> PROBLEM TO WORK ON: Reproduce the whole listing, keeping each word unchanged.

> EXTRACTED INFORMATION:

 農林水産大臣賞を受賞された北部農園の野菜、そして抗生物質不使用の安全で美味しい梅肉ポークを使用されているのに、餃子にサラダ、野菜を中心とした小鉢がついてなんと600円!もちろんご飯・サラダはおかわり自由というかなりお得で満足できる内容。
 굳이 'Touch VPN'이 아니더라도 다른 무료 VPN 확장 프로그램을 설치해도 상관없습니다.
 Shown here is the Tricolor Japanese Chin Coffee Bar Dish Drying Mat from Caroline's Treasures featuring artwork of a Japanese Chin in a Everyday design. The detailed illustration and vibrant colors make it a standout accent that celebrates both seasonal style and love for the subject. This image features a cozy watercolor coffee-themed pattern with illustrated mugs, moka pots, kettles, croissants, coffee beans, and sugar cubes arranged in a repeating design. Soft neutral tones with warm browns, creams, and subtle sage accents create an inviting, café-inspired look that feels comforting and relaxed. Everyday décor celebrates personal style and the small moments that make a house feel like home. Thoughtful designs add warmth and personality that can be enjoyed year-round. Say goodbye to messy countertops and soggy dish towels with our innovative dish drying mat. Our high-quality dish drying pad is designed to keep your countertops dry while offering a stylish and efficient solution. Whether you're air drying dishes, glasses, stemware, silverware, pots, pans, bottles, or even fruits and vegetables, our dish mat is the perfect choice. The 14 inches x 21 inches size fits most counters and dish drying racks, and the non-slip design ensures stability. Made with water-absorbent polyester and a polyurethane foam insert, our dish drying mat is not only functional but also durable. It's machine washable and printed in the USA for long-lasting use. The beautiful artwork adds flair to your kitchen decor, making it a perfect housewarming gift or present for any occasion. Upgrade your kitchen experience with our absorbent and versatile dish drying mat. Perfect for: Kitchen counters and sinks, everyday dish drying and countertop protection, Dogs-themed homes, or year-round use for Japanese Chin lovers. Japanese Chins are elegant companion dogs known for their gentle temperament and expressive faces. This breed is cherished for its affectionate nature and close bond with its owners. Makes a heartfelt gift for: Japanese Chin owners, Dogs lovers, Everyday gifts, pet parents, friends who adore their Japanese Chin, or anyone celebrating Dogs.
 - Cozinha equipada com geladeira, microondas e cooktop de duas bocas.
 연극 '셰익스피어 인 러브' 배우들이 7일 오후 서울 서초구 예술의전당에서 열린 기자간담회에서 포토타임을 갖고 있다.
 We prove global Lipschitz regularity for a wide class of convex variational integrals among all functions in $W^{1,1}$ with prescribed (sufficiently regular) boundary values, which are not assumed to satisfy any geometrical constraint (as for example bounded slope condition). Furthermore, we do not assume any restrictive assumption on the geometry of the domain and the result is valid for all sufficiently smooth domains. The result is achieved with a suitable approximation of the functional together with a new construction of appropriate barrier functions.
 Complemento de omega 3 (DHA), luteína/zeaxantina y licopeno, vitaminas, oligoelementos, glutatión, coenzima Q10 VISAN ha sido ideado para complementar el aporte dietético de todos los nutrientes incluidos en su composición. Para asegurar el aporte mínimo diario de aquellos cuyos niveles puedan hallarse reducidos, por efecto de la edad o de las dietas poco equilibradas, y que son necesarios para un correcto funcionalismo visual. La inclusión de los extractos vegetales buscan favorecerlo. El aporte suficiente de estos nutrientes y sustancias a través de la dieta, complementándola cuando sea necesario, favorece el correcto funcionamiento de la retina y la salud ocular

> FINAL ANSWER:
 農林水産大臣賞を受賞された北部農園の野菜、そして抗生物質不使用の安全で美味しい梅肉ポークを使用されているのに、餃子にサラダ、野菜を中心とした小鉢がついてなんと600円!もちろんご飯・サラダはおかわり自由というかなりお得で満足できる内容。
 굳이 'Touch VPN'이 아니더라도 다른 무료 VPN 확장 프로그램을 설치해도 상관없습니다.
 Shown here is the Tricolor Japanese Chin Coffee Bar Dish Drying Mat from Caroline's Treasures featuring artwork of a Japanese Chin in a Everyday design. The detailed illustration and vibrant colors make it a standout accent that celebrates both seasonal style and love for the subject. This image features a cozy watercolor coffee-themed pattern with illustrated mugs, moka pots, kettles, croissants, coffee beans, and sugar cubes arranged in a repeating design. Soft neutral tones with warm browns, creams, and subtle sage accents create an inviting, café-inspired look that feels comforting and relaxed. Everyday décor celebrates personal style and the small moments that make a house feel like home. Thoughtful designs add warmth and personality that can be enjoyed year-round. Say goodbye to messy countertops and soggy dish towels with our innovative dish drying mat. Our high-quality dish drying pad is designed to keep your countertops dry while offering a stylish and efficient solution. Whether you're air drying dishes, glasses, stemware, silverware, pots, pans, bottles, or even fruits and vegetables, our dish mat is the perfect choice. The 14 inches x 21 inches size fits most counters and dish drying racks, and the non-slip design ensures stability. Made with water-absorbent polyester and a polyurethane foam insert, our dish drying mat is not only functional but also durable. It's machine washable and printed in the USA for long-lasting use. The beautiful artwork adds flair to your kitchen decor, making it a perfect housewarming gift or present for any occasion. Upgrade your kitchen experience with our absorbent and versatile dish drying mat. Perfect for: Kitchen counters and sinks, everyday dish drying and countertop protection, Dogs-themed homes, or year-round use for Japanese Chin lovers. Japanese Chins are elegant companion dogs known for their gentle temperament and expressive faces. This breed is cherished for its affectionate nature and close bond with its owners. Makes a heartfelt gift for: Japanese Chin owners, Dogs lovers, Everyday gifts, pet parents, friends who adore their Japanese Chin, or anyone celebrating Dogs.
 - Cozinha equipada com geladeira, microondas e cooktop de duas bocas.
 연극 '셰익스피어 인 러브' 배우들이 7일 오후 서울 서초구 예술의전당에서 열린 기자간담회에서 포토타임을 갖고 있다.
 We prove global Lipschitz regularity for a wide class of convex variational integrals among all functions in $W^{1,1}$ with prescribed (sufficiently regular) boundary values, which are not assumed to satisfy any geometrical constraint (as for example bounded slope condition). Furthermore, we do not assume any restrictive assumption on the geometry of the domain and the result is valid for all sufficiently smooth domains. The result is achieved with a suitable approximation of the functional together with a new construction of appropriate barrier functions.
 Complemento de omega 3 (DHA), luteína/zeaxantina y licopeno, vitaminas, oligoelementos, glutatión, coenzima Q10 VISAN ha sido ideado para complementar el aporte dietético de todos los nutrientes incluidos en su composición. Para asegurar el aporte mínimo diario de aquellos cuyos niveles puedan hallarse reducidos, por efecto de la edad o de las dietas poco equilibradas, y que son necesarios para un correcto funcionalismo visual. La inclusión de los extractos vegetales buscan favorecerlo. El aporte suficiente de estos nutrientes y sustancias a través de la dieta, complementándola cuando sea necesario, favorece el correcto funcionamiento de la retina y la salud ocular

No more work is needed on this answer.